Quote 2 [see textbook, Book of the Dead]

  1. This shows how people who should declare their innocence. It’s a list of evils that has counters for evictions. Its called the book of dead. It was written or translated from Miriam Lichtheim.




  1. These quotes stating some of the questions asked in the book of the dead, which was thought to be imperative in order to pass from this life to the next. Each question was supposed to have been asked for a certain king or hierarchy. If you answered wrong to these questions, you were supposed to spend eternity in between life and the afterlife (death).




  1. This comes from a time when Memphis was a large city so it would probably have been written in the Old Kingdom of Egypt. This quotation doesn't tell or show where the writer might have been from or who it was. This passage tells of possible tales or stories from the shadow-eater or religious beliefs. Also it was description of different people of different cities.
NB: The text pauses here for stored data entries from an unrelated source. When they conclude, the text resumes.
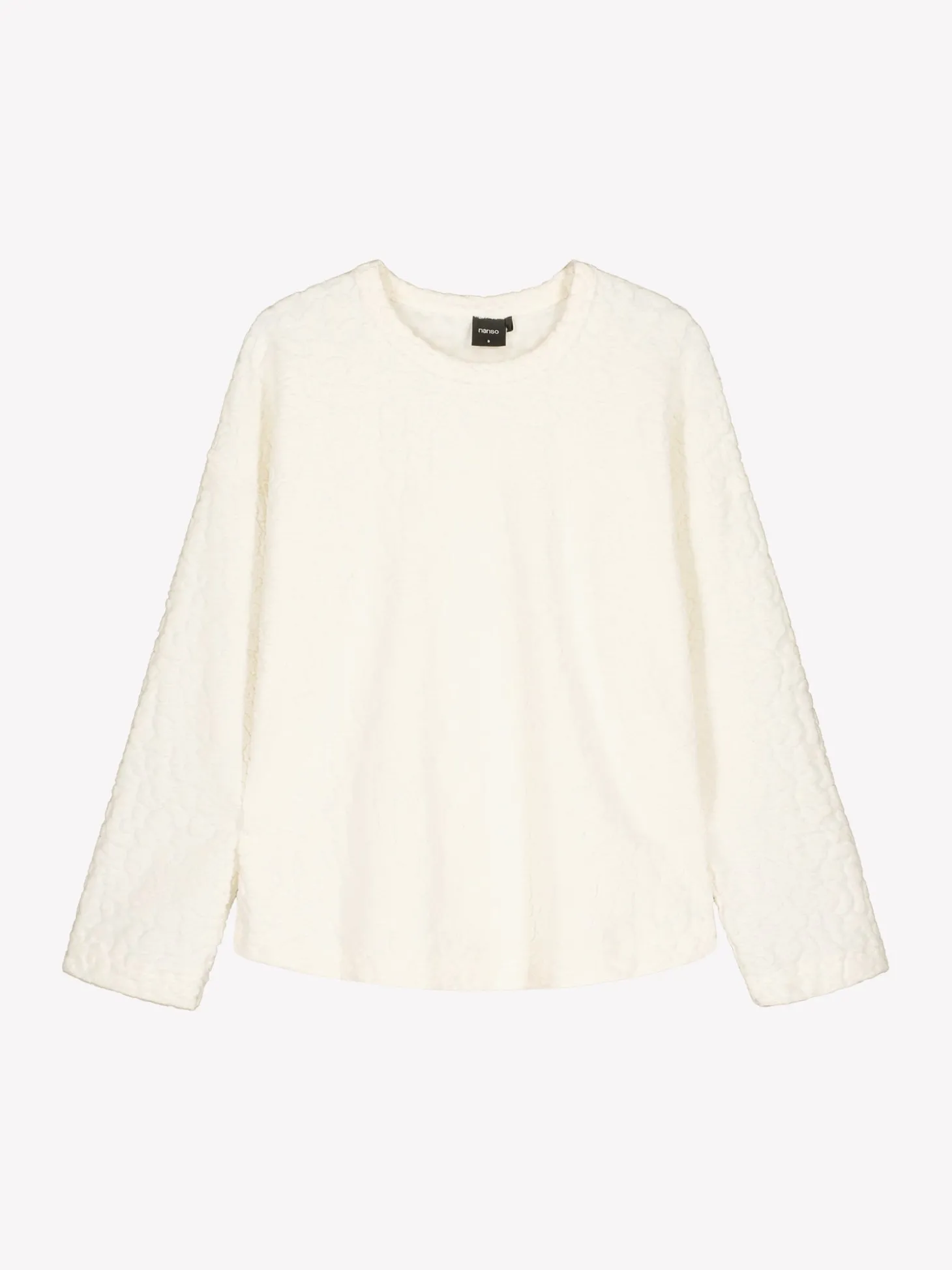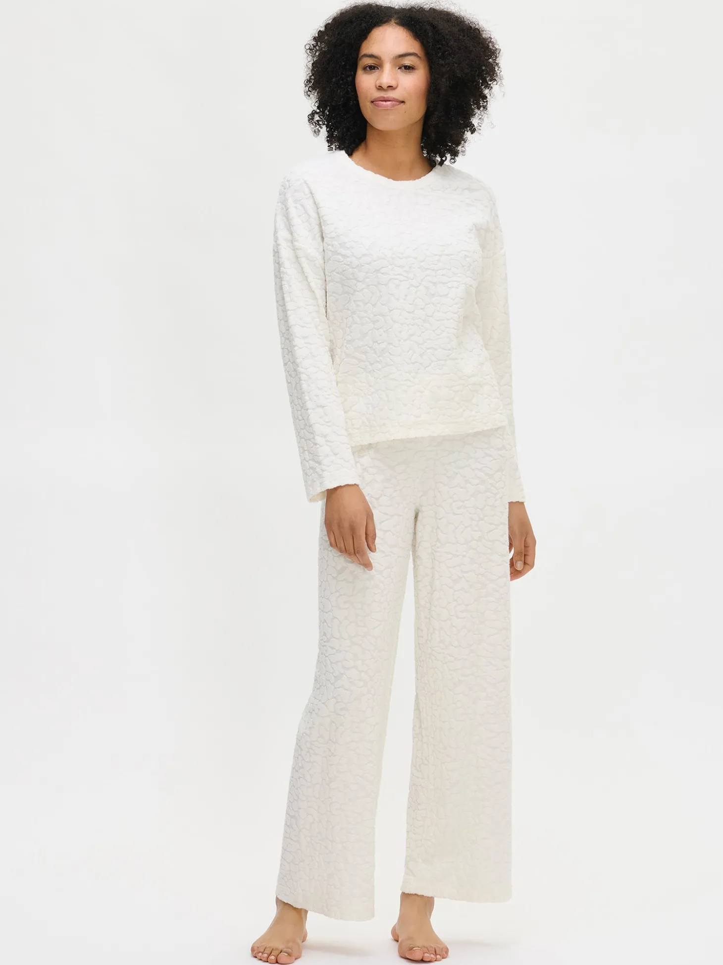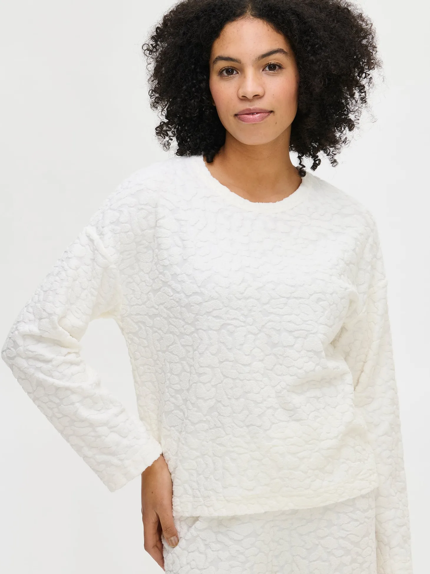 Naisten valkoinen Gepardi-paita pitkillä hihoilla ja pyöreällä pääntiellä. Paidan pituus koossa M on noin 65 cm. Pintakuvioitu materiaali on miellyttävää puuvilla-polyesteri jaquard-neulosta, jossa on hieman elastaania tuomassa joustoa. Rento paita toimii täydellisesti osana yö- tai loungeasua – tai nauti sellaisenaan kotipäivissä.
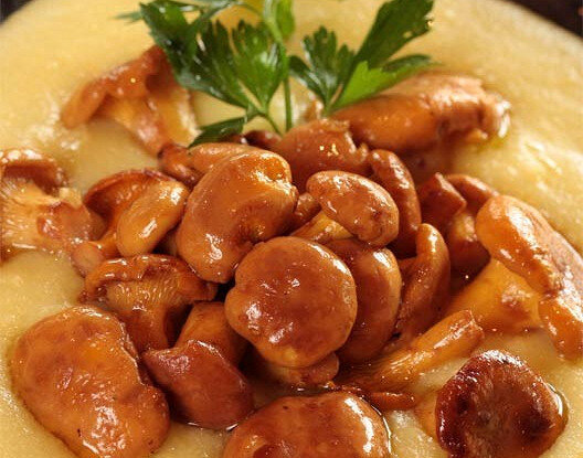 ИНГРЕДИЕНТЫ ПОРЦИИ 4 Свежая кукуруза 50 г Кукурузная крупа 100 г Молоко 300 мл Тертый сыр пармезан 20 г Сливочное масло 15 г Лисички 120 г Специи по вкусу 1.В сотейник налить молоко и заварить поленту, как манку, всыпая в молоко крупу. 2.По вкусу можно добавить специи и дольки свежей кукурузы. 3.Довести до готовности (около 15 минут). 4.Заправить пармезаном. 5.Лисички обжарить на сливочном масле, добавив зубчик чеснока, который после жарки нужно выкинуть. 6.Поленту выложить на тарелку, украсить лисичками и полить оливковым маслом. Понравился рецепт — поделитесь им с друзьями в социальных сетях! Готовьте вместе с «Едой»!
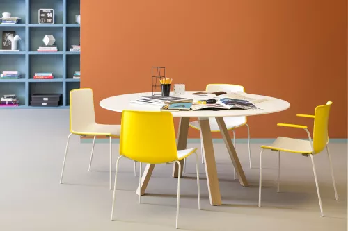 De armstoel Tweet 895 combineert een strak dubbel geïnjecteerde polypropyleen kuip met geïntegreerde armleuningen en een Ø14 mm stalen buizenframe in chroom of poedercoating. Antistatisch en UV-bestendig, stapelbaar tot 10 stuks, uni- of bicolor.

  1. This excerpt is a story (The story of Sinhue or one of those) beseeching the gods for mercy on him in the afterlife and all of his worldly possessions. He would have been a Pharoah, Pharoah's son or some noble. This was from the middle to New Kingdom. He was showing that he had followed the law of Maat.




  1. The quote originates from the New Kingdom of Egypt. Even during the beginnings of Egyptian civilization there existed a fascination with the endless cycle of life and death. As families could afford more complex burial ceremonies during New Kingdom Egypt, it was practiced the placing of a book of instructions with the mummy in the coffin. The Book of the Dead, as it was called, gave magical instructions to ward off danger while preparing the dead for their trial before the gods. This quote comes from a long list of sins that the dead could deny also known as "Declaring Innocence of Judgment Day." Those sins imply the nature of what was believed to be a sinless or sinful individual. One can infer somewhat the values of ancient Egyptians based on the laws of right and wrong imposed by the king keeping justice.




  1. At first this quote seems quite strange. When one looks at how this fits into the context of Ancient Egyptians society, it appears quite ordinary. Probably dictated by a religious official, priest, and written and copied by scribes, this is a quote from the Book of the Dead dating from the Middle & New Kingdoms. This was required reading for all mummies. It's importance stems from the Egyptian fervor of belief in the afterlife. When a person died their life was judged by the gods, specifically Maat (goddess of order) and Anubis, lord of the underworld who weighed the purity of hearts against a feather. The book listed all the sins one must be able to deny, and which beings to deny them to. The fact that nearly all Egyptians were buried with these spiritual books belies how important religion was in their lives.